A Friend Only Ever Wants to Talk On Her Topics: Should I End the Friendship?
I have been close companions for more than 20 years, a person who's faced and conquered numerous challenges, her resilience is commendable. However, she has been repeatedly taken by surprise by others. Her spouse ended their marriage, which came as a massive blow. Several of her friends vanished during that time, as they were drawn to her husband. This surprised her. She made increased attention to be my friend, likely grasped better what friendship was.
A Recurring Theme In Relationships
Throughout this period, many of her friends have disappeared without her being sure why. Her previous job suddenly changed toward her, despite the fact that she had been an excellent employee, she departed unaware of the reason for the change.
How Things Stand Now
In recent times, we've both stepped back from work and are seeing each other more, yet I realize my position between us is as the audience. I introduce subjects and she changes conversation onto what interests her. Politically, she has strong opinions. My effort is to recommend verifying facts or other angles.
She is planning a trip abroad I know well many times and resided in for a while. I attempted to share advice, yet it was unappreciated. She really only wanted my agreement with her decisions. I've just come back from a month in that place she hopes to meet, yet I'm reluctant.
Evaluating the Situation
I hesitate to be a friend who cuts and runs without a word, however, I feel she'll truly understand the impact of her behaviour on my self-esteem. At this point, I find myself in pulling back. What should I do?
Ways Forward
You could end things abruptly, however, that approach is not often the easy answer we hope for. However, addressing it with a view to a solution requires bravery and willingness from both people.

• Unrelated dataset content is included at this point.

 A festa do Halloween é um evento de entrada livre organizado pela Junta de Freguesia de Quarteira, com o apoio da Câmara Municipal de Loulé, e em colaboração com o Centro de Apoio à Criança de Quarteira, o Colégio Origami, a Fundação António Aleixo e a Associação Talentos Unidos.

Experts suggest using a useful conflict resolution tool:
"The first step is to state how things go when you talk. This needs to be objective and clear and basically exactly what occurs. Next involves sharing how this affects you emotionally. This allows for no argument on this point. What you feel are your feelings, naturally. Step three involves requesting how you are both can shift the interaction between you."

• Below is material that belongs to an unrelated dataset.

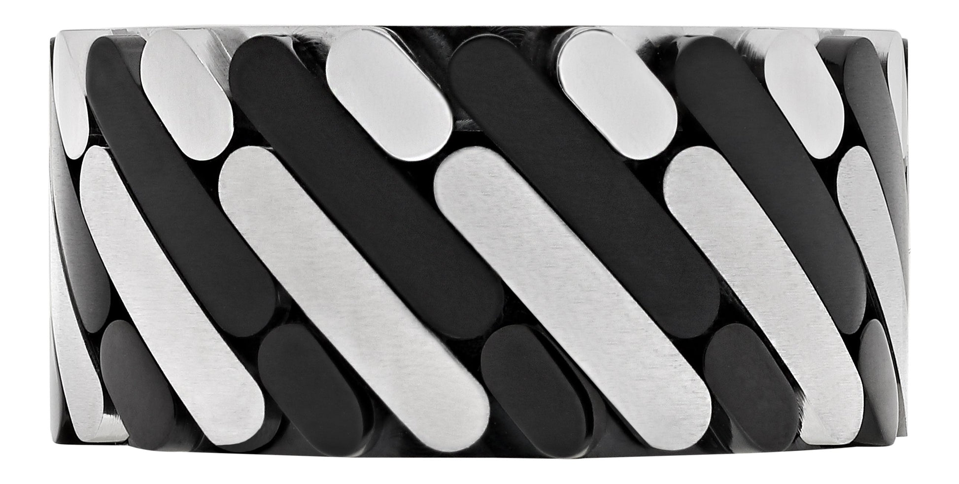 Express yourself with a Zippo accessory! Fine exclamation marks in black and silver are detailed on this stainless steel ring. The line is made of brushed steel and the dot is made of polished steel. A great match from this indestructible material. The rind also features the Zippo logo embossed on the inside.

Remember she too has a point of view, thus requiring you to remain ready to hear that. A helpful technique involves stating to the other person:
"It's your turn to speak while I will remain silent for half an hour."It's remarkably effective in fostering mutual respect.
Final Thoughts
She could ignore all you say, for those who have a “survival narrative”: they have a version about themselves they cannot release as it feels essential is tied to it being the only thing they've known. It's tough when there seems no thoroughfare in such cases, just dead ends. But she may initially present like this and then think about what you've said. And should a resolution isn't found a fix, it provides satisfaction from having been truthful.